PRÊTRES, s. m. pl. (Religion & Politique) on désigne sous ce nom tous ceux qui remplissent les fonctions
des cultes religieux établis chez les différents peuples de la terre.
Le culte extérieur suppose des cérémonies, dont le but est de frapper les sens des hommes, et de leur imprimer
de la vénération pour la divinité à qui ils rendent leurs hommages. (...) La superstition ayant multiplié les
cérémonies des différents cultes, les personnes destinées à les remplir ne tardèrent point à former un ordre
séparé, qui fut uniquement destiné au service des autels ; on crut que ceux qui étaient chargés de soins si
importants se devaient tout entiers à la divinité ; dès lors ils partagèrent avec elle le respect des humains ;
les occupations du vulgaire parurent au-dessous d’eux, et les peuples se crurent obligés de pourvoir à la
subsistance de ceux qui étaient revêtus du plus saint et du plus important des ministères ; ces derniers
renfermés dans l’enceinte de leurs temples, se communiquèrent peu ; cela dut augmenter encore le respect
qu’on avait pour ces hommes isolés ; on s’accoutuma à les regarder comme des favoris des dieux, comme
les dépositaires et les interprètes de leurs volontés, comme des médiateurs entre eux et les mortels.
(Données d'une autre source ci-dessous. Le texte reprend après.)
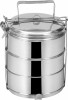 Obsahuje 3 nerezové misky o objemu 1 litr, budou ideální pro uložení celého menu, polévky, hlavního jídla a salátu nebo dezertu. Jeho součástí je také kovový stojan, který umožňuje skládání nádob na sebe a zároveň je opatřený přezkou sloužící k jejich pevnému zajištění.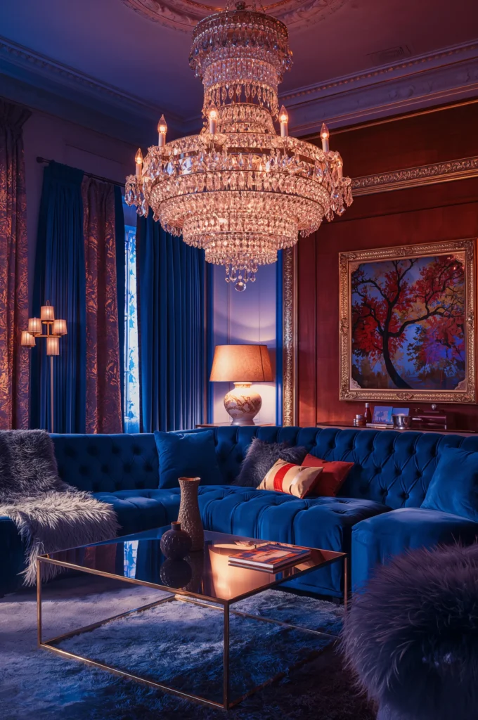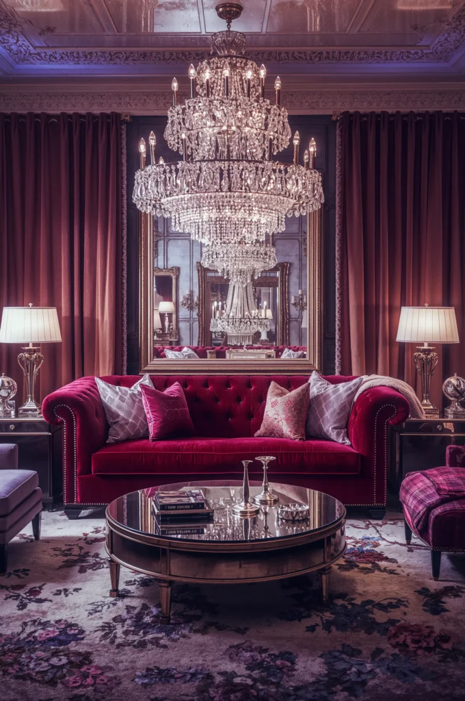 Crystal chandeliers are dramatic, luxurious, and perfect for a glam living room. They create sparkling light patterns and a stunning visual centerpiece. Choose multi-tiered or geometric designs for sophistication. Pair with metallic accents and mirrored furniture for enhanced glamour. Chandeliers add vertical interest and elegance. Layer with floor and table lamps for functional lighting. Ensure proper placement above seating or coffee tables for maximum impact. Crystal fixtures elevate the room’s luxurious vibe. They serve as both functional lighting and decorative art.

Il est doux de dominer sur ses semblables ; les prêtres surent mettre à profit la haute opinion qu’ils avaient
fait naître dans l’esprit de leurs concitoyens ; ils prétendirent que les dieux se manifestaient à eux ; ils
annoncèrent leurs décrets ; ils enseignèrent des dogmes ; ils prescrivirent ce qu’il fallait croire et ce qu’il
fallait rejeter ; ils fixèrent ce qui plaisait ou déplaisait à la divinité ; ils rendirent des oracles ; ils prédirent
l’avenir à l’homme inquiet et curieux, ils le firent trembler par la crainte des châtiments dont les dieux irrités
menaçaient les téméraires qui oseraient douter de leur mission, ou discuter leur doctrine.
Pour établir plus sûrement leur empire, ils peignirent les dieux comme cruels, vindicatifs, implacables ; ils
introduisirent des cérémonies, des initiations, des mystères, dont l’atrocité pût nourrir dans les hommes
cette sombre mélancolie, si favorable à l’empire du fanatisme ; alors le sang humain coula à grands flots
sur les autels ; les peuples subjugués par la crainte, et enivrés de superstition, ne crurent jamais payer trop
chèrement la bienveillance céleste : les mères livrèrent d’un œil sec leurs tendres enfants aux flammes
dévorantes ; des milliers de victimes humaines tombèrent sous le couteau des sacrificateurs ; on se soumit
à une multitude de pratiques frivoles et révoltantes, mais utiles pour les prêtres, et les superstitions les plus
absurdes achevèrent d’étendre et d’affermir leur puissance. (...)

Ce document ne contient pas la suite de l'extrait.